Free Data

Free Data: Bayer Leverkusen's Invincible Bundesliga Title Win

By Hudl Statsbomb | May 21, 2024 | 4 min read
Free Data

Free Data: Bayer Leverkusen's Invincible Bundesliga Title Win

At Hudl Statsbomb, we are committed to providing education and resources to support the development of the next generation of analysts.
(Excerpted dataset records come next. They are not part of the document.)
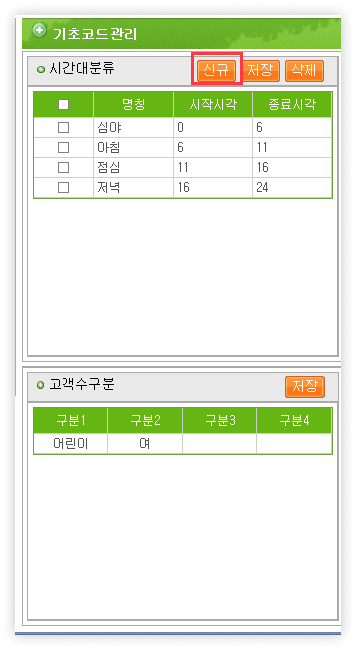 3) [매장 정보관리]화면 우측의 기초코드 관리에서 [시간대분류] > [신규]버튼을 클릭해 매출 구분을 원하는 시간대를 추가합니다.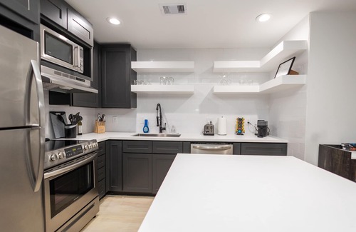 This is a newly developed apartment/guesthouse in a lovely, quiet and safe neighborhood. The apartment has Luxury features like solid hardwood floors, walk-in shower, full kitchen with stainless steel appliances and a mini island. Guests will have access to outdoor pool. You will love spending time in this cozy and trendy apartment.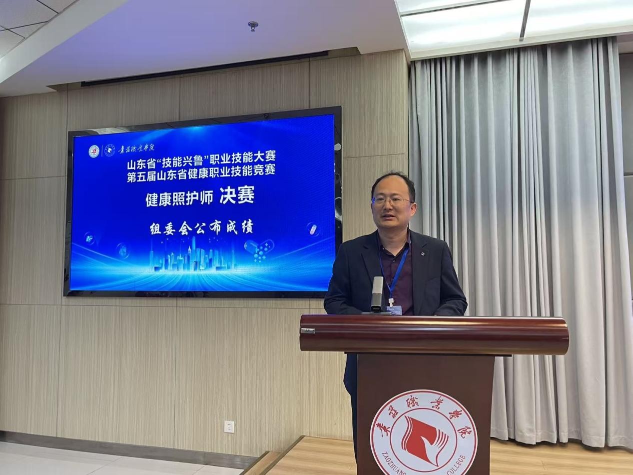 近日,山东省“技能兴鲁”职业技能大赛——第五届山东省健康职业技能竞赛“健康照护师”赛项在枣庄职业学院圆满闭幕。学院党委副书记、校长梁家和,党委委员、副校长刘希震,省健康管理协会副秘书长付新龙,裁判组组长沈荣等出席了闭幕式。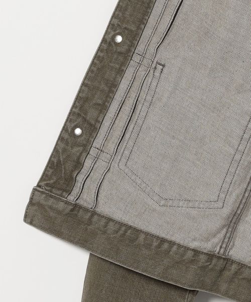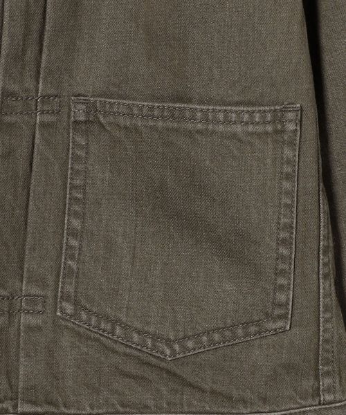 比翼仕立てや下側についたポケットデザインですっきりとした印象のデニムジャケット。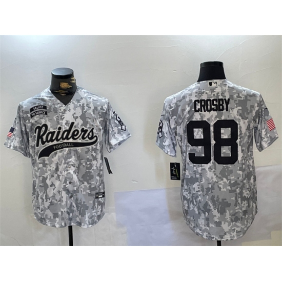 >Men's Las Vegas Raiders #98 Maxx Crosby 2024 Arctic Camo Salute To Service Stitched Baseball Jersey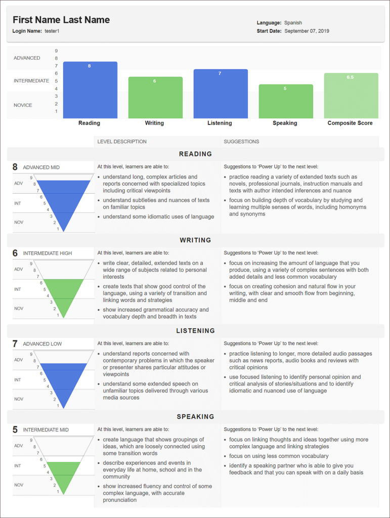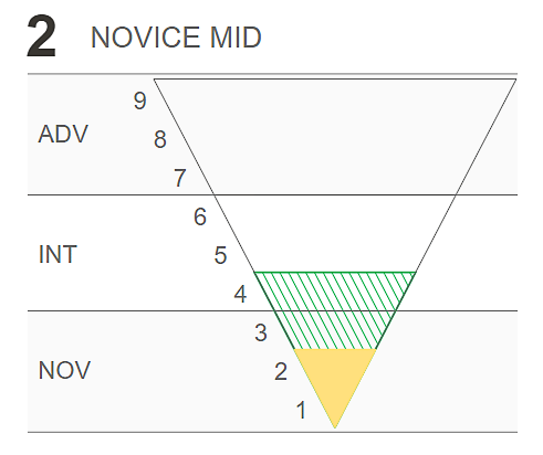 Next to the pyramid, you’ll see descriptions of the skill (Reading, Writing, Listening, Speaking) and the level category (Novice, Intermediate, Advanced).

One way we've been doing this is through regular releases of our industry-leading data to enable analysis of interesting datasets, teams and players. We're excited to bring you this latest release: Bayer Leverkusen's unbeaten Bundesliga title win under Xabi Alonso – the first league title in the club's history.

The dataset contains the same event data used by our customers, at roughly 3,400 events per game on average, across all 34 unbeaten league matches for Leverkusen. We're also including Hudl Statsbomb 360 data in the release: our tactical event data that contains the location of all players in the visible frame around each event. The 360 frames add critical context and enable deeper and more meaningful analysis than is possible using only the event data.

 

Including 360 data is very deliberate on our part, given the importance of spatial control and positional contexts in Alonso and Leverkusen's success. They were excellent at both ends of the pitch, with the 2nd-best open play xG created and best open play xG conceded, and were the most territorially-dominant team in the league too, progressing the ball to the final third most often while allowing their opponents into the final third least often.

They achieved this without employing an overly aggressive press but whilst maintaining the highest defensive line in the league -- their success was built not on overwhelming the opponent with hard-running and aggression, but through intelligent positioning and coordinated pressing traps.

->
->

On an individual level, there's the opportunity to analyse the influence of Granit Xhaka in the heart of the Leverkusen midfield, responsible for moving the ball into the final third more often than any other player in the Bundesliga this season, as well as playing the most line-breaking passes in the league too.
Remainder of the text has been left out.